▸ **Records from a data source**
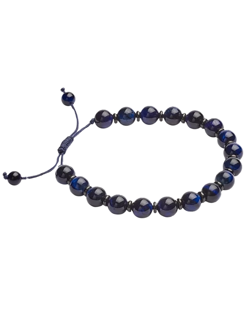 Crafted from smooth blue tiger eye with gunmetal spacer beads, this fully adjustable bracelet makes a handsome gift or addition to your look.
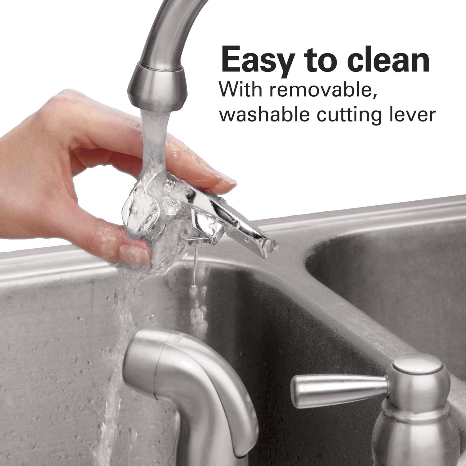 • EASY TO CLEAN: The washable cutting lever on the electric can opener easily removes to rinse clean under the faucet.
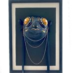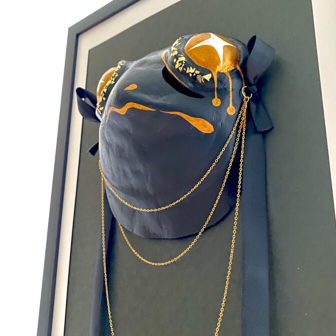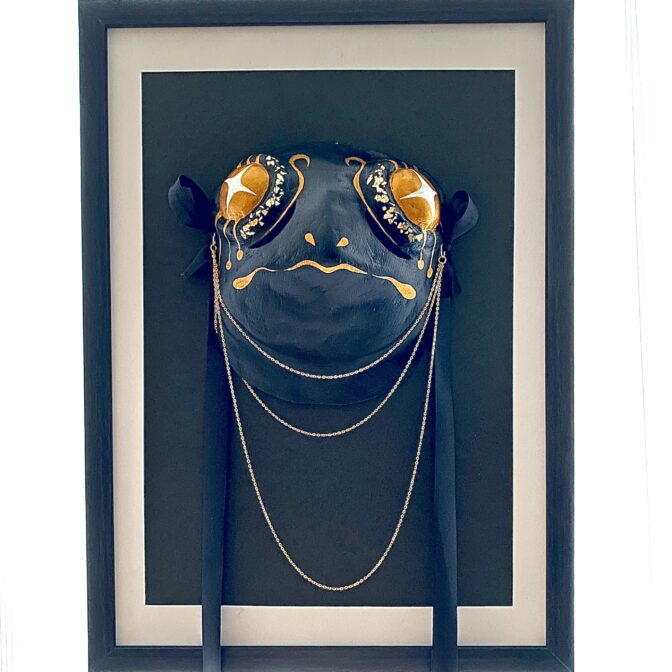ぎらりと光る目元と揺れるりぼんが怪しげな蛙面です。
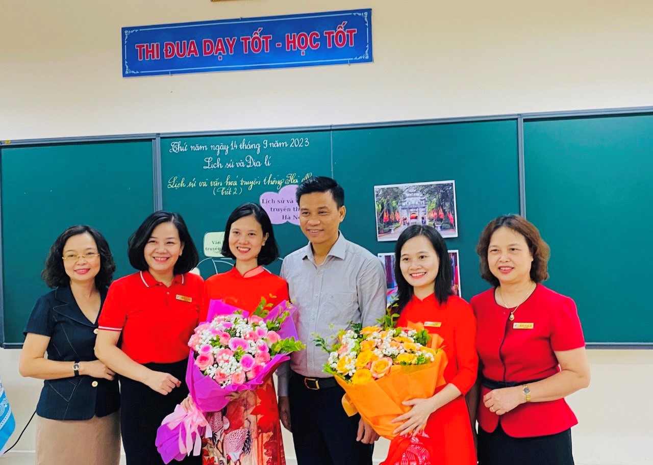Ở tiết học Lịch sử, cô giáo Phạm Thị Hoài Thu đã dẫn dắt học sinh phát hiện, trao đổi, thảo luận tìm hiểu lịch sử thông qua việc mô tả được một số nét văn hóa lễ hội ở địa phương như: Hội làng Gia Quất, hội làng Lệ Mật, hội làng Bắc Biên,… và kể những câu chuyện về một trong số các danh nhân ở Hà Nội: Cao Bá Quát- Văn hay chữ tốt, Thái úy Lý Thường Kiệt và trận chiến trên sông Như Nguyệt, Chu Văn An – Người thầy mẫu mực,… Các hoạt động hỏi đáp, diễn kịch, sáng tác thơ vè, xem video, thảo luận nhóm,…đã lôi cuốn các em học sinh tham gia tiết học.
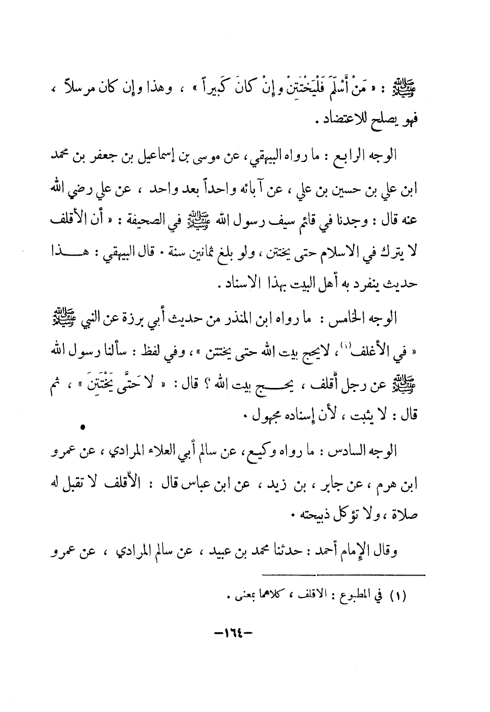 الْوَجْه الرَّابِع مَا رَوَاهُ الْبَيْهَقِيّ عَن مُوسَى بن إِسْمَاعِيل بن جَعْفَر بن مُحَمَّد ابْن عَليّ بن حُسَيْن بن عَليّ عَن آبَائِهِ وَاحِدًا بعد وَاحِد عَن عَليّ رَضِي الله عَنهُ قَالَ وجدنَا فِي قَائِم سيف رَسُول الله صلى الله عَلَيْهِ وَسلم فِي الصَّحِيفَة أَن الأقلف لَا يتْرك فِي الاسلام حَتَّى يختتن وَلَو بلغ ثَمَانِينَ سنة قَالَ الْبَيْهَقِيّ هَذَا حَدِيث ينْفَرد بِهِ أهل الْبَيْت بِهَذَا الاسناد
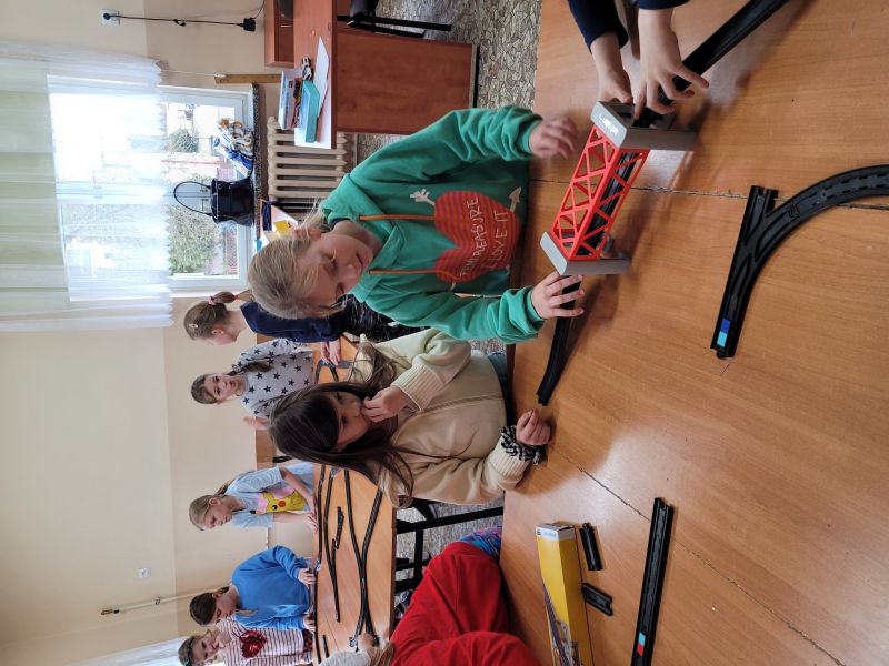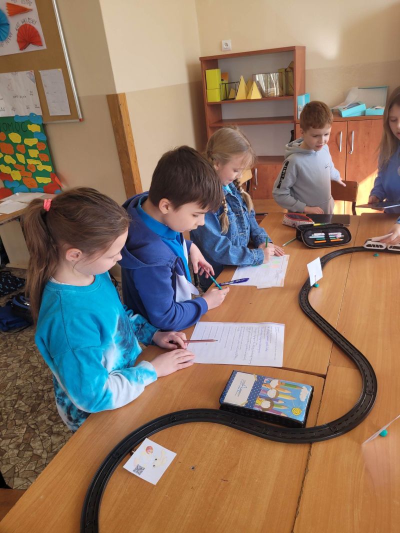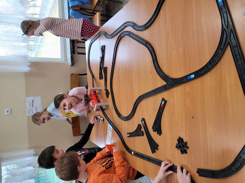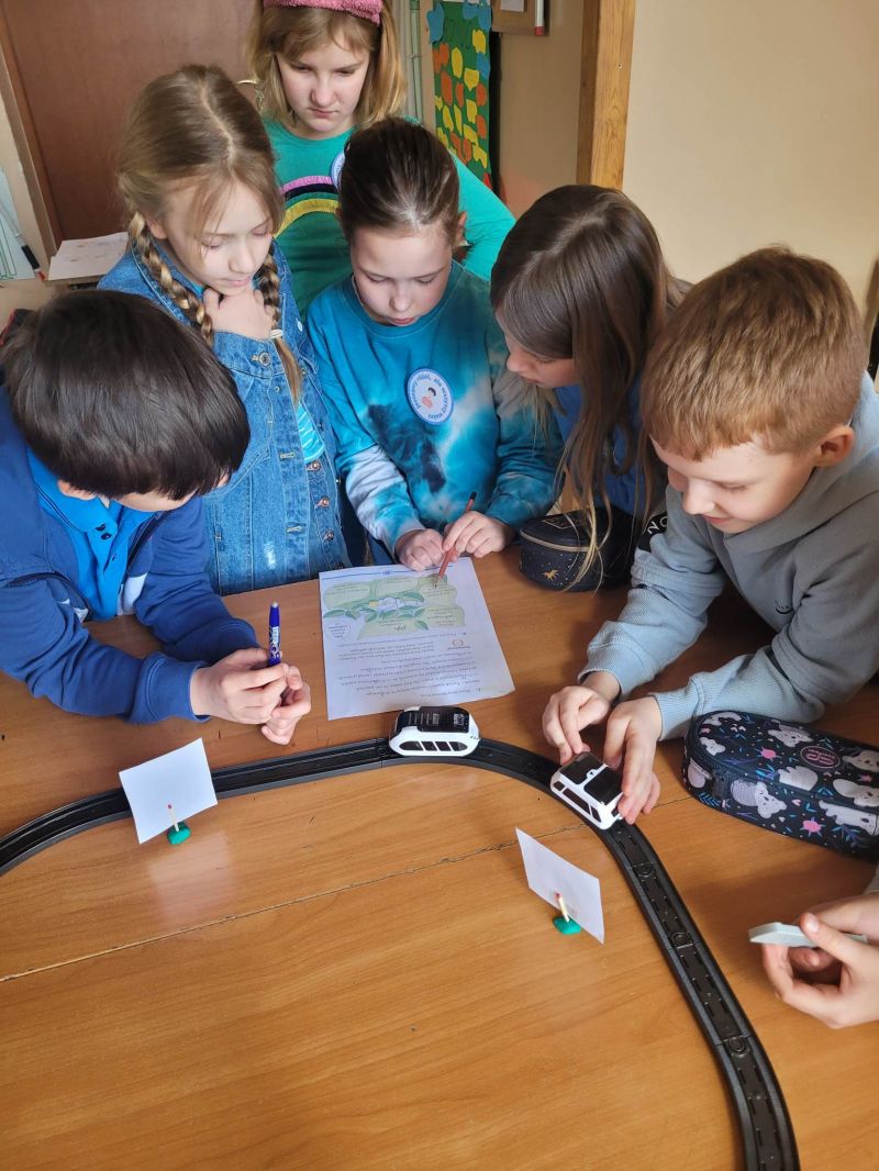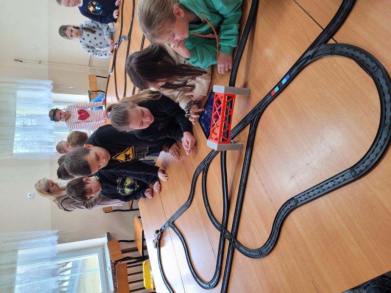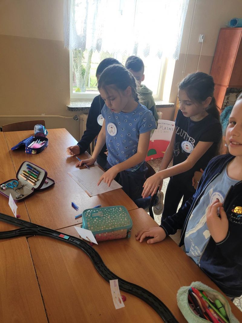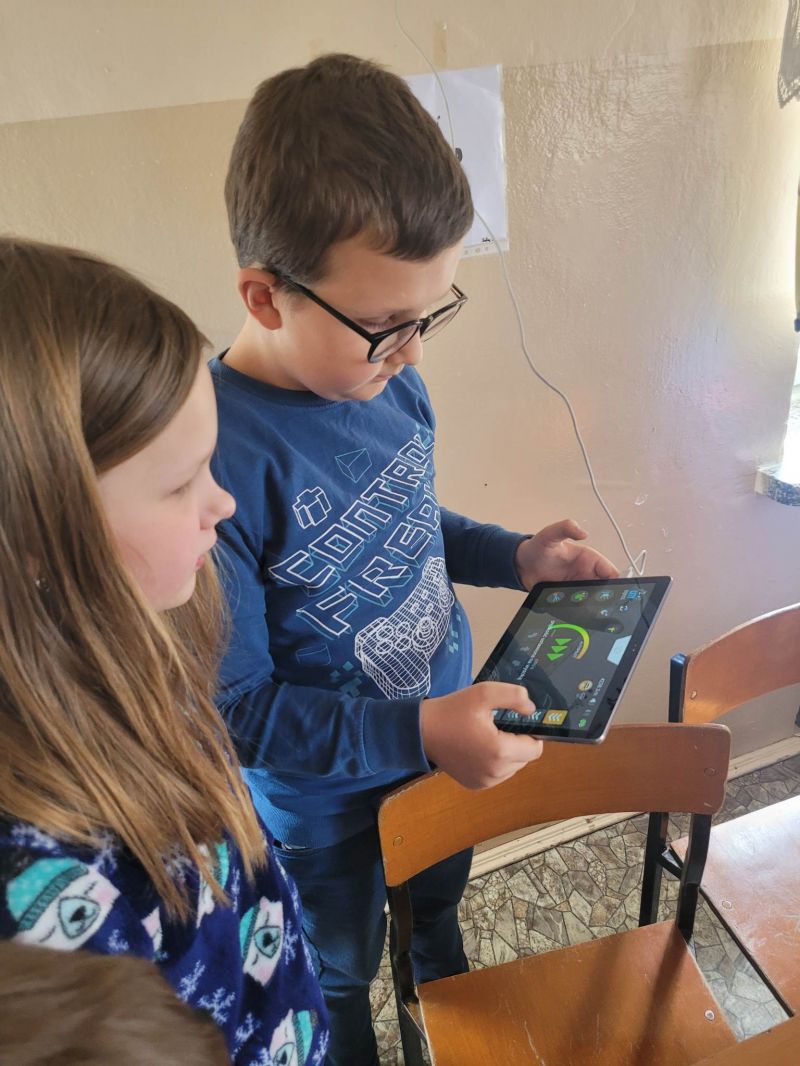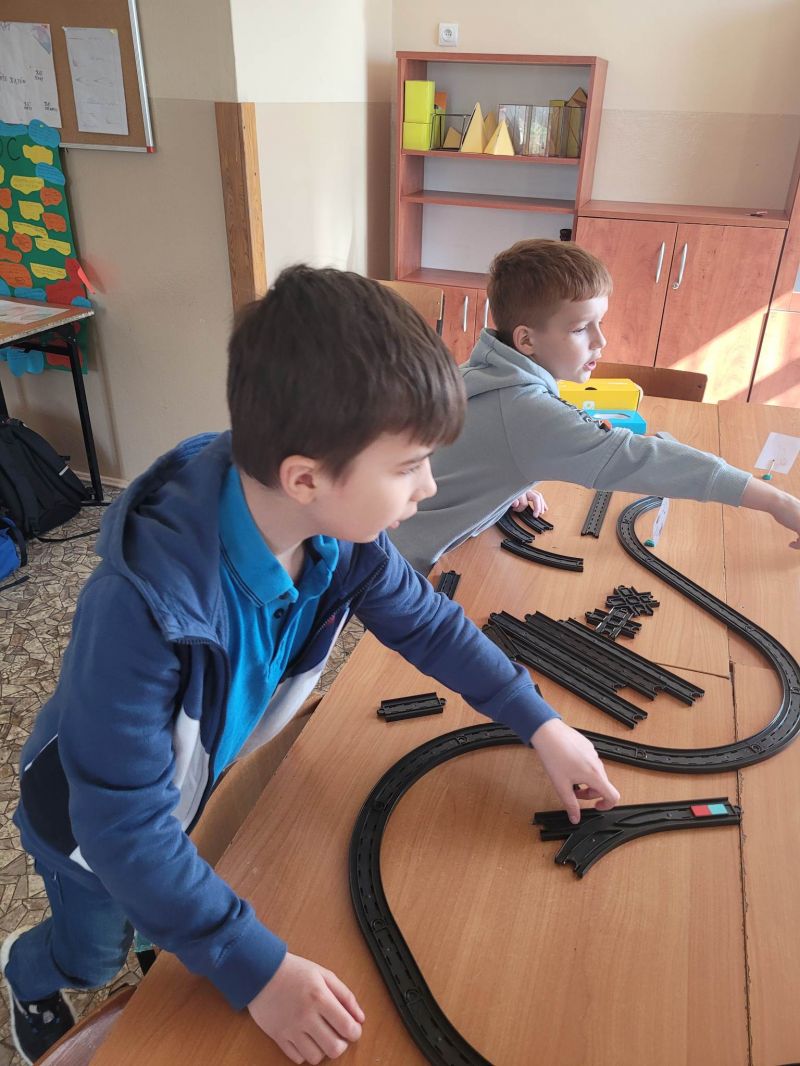 nasi uczniowie z wykorzystaniem tabletów uczyli się kodowania z inteligentnym pociągiem INTELINO. Pociąg wykorzystuje
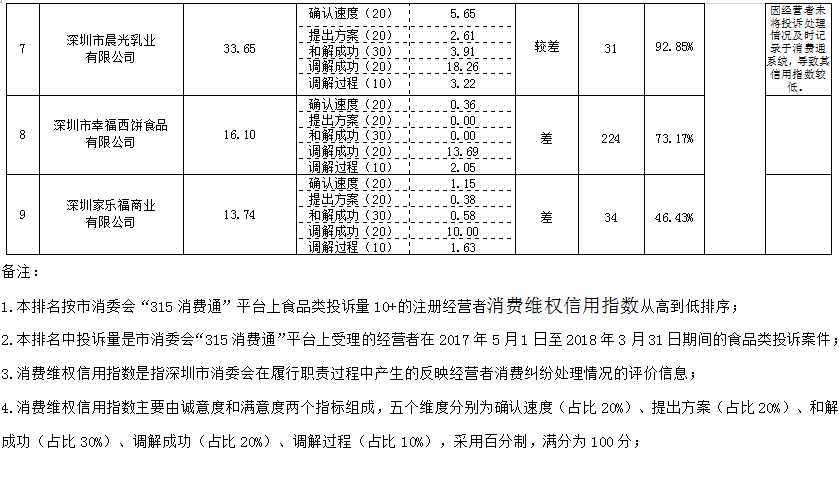 深圳市食品行業(yè)消費(fèi)維權(quán)信用指數(shù)排行榜為市消委會(huì)“315消費(fèi)通”平臺(tái)上注冊(cè)企業(yè)的消費(fèi)維權(quán)信用指數(shù)排名,企業(yè)消費(fèi)維權(quán)信用指數(shù)的高低,反映了企業(yè)處理消費(fèi)投訴的真實(shí)情況,對(duì)消費(fèi)者具有較強(qiáng)的消費(fèi)指導(dǎo)作用。深圳市消委會(huì)在此提醒“315消費(fèi)通”注冊(cè)企業(yè),及時(shí)處理消費(fèi)者投訴、與消費(fèi)者提早和解,嚴(yán)格按照消費(fèi)通系統(tǒng)要求記錄投訴處理情況。

▸ **What to work on**
Copy out all the data above exactly, pictures excluded.

▸ **Result of the task**
 Crafted from smooth blue tiger eye with gunmetal spacer beads, this fully adjustable bracelet makes a handsome gift or addition to your look.
 • EASY TO CLEAN: The washable cutting lever on the electric can opener easily removes to rinse clean under the faucet.
ぎらりと光る目元と揺れるりぼんが怪しげな蛙面です。
Ở tiết học Lịch sử, cô giáo Phạm Thị Hoài Thu đã dẫn dắt học sinh phát hiện, trao đổi, thảo luận tìm hiểu lịch sử thông qua việc mô tả được một số nét văn hóa lễ hội ở địa phương như: Hội làng Gia Quất, hội làng Lệ Mật, hội làng Bắc Biên,… và kể những câu chuyện về một trong số các danh nhân ở Hà Nội: Cao Bá Quát- Văn hay chữ tốt, Thái úy Lý Thường Kiệt và trận chiến trên sông Như Nguyệt, Chu Văn An – Người thầy mẫu mực,… Các hoạt động hỏi đáp, diễn kịch, sáng tác thơ vè, xem video, thảo luận nhóm,…đã lôi cuốn các em học sinh tham gia tiết học.
 الْوَجْه الرَّابِع مَا رَوَاهُ الْبَيْهَقِيّ عَن مُوسَى بن إِسْمَاعِيل بن جَعْفَر بن مُحَمَّد ابْن عَليّ بن حُسَيْن بن عَليّ عَن آبَائِهِ وَاحِدًا بعد وَاحِد عَن عَليّ رَضِي الله عَنهُ قَالَ وجدنَا فِي قَائِم سيف رَسُول الله صلى الله عَلَيْهِ وَسلم فِي الصَّحِيفَة أَن الأقلف لَا يتْرك فِي الاسلام حَتَّى يختتن وَلَو بلغ ثَمَانِينَ سنة قَالَ الْبَيْهَقِيّ هَذَا حَدِيث ينْفَرد بِهِ أهل الْبَيْت بِهَذَا الاسناد
 nasi uczniowie z wykorzystaniem tabletów uczyli się kodowania z inteligentnym pociągiem INTELINO. Pociąg wykorzystuje
 深圳市食品行業(yè)消費(fèi)維權(quán)信用指數(shù)排行榜為市消委會(huì)“315消費(fèi)通”平臺(tái)上注冊(cè)企業(yè)的消費(fèi)維權(quán)信用指數(shù)排名,企業(yè)消費(fèi)維權(quán)信用指數(shù)的高低,反映了企業(yè)處理消費(fèi)投訴的真實(shí)情況,對(duì)消費(fèi)者具有較強(qiáng)的消費(fèi)指導(dǎo)作用。深圳市消委會(huì)在此提醒“315消費(fèi)通”注冊(cè)企業(yè),及時(shí)處理消費(fèi)者投訴、與消費(fèi)者提早和解,嚴(yán)格按照消費(fèi)通系統(tǒng)要求記錄投訴處理情況。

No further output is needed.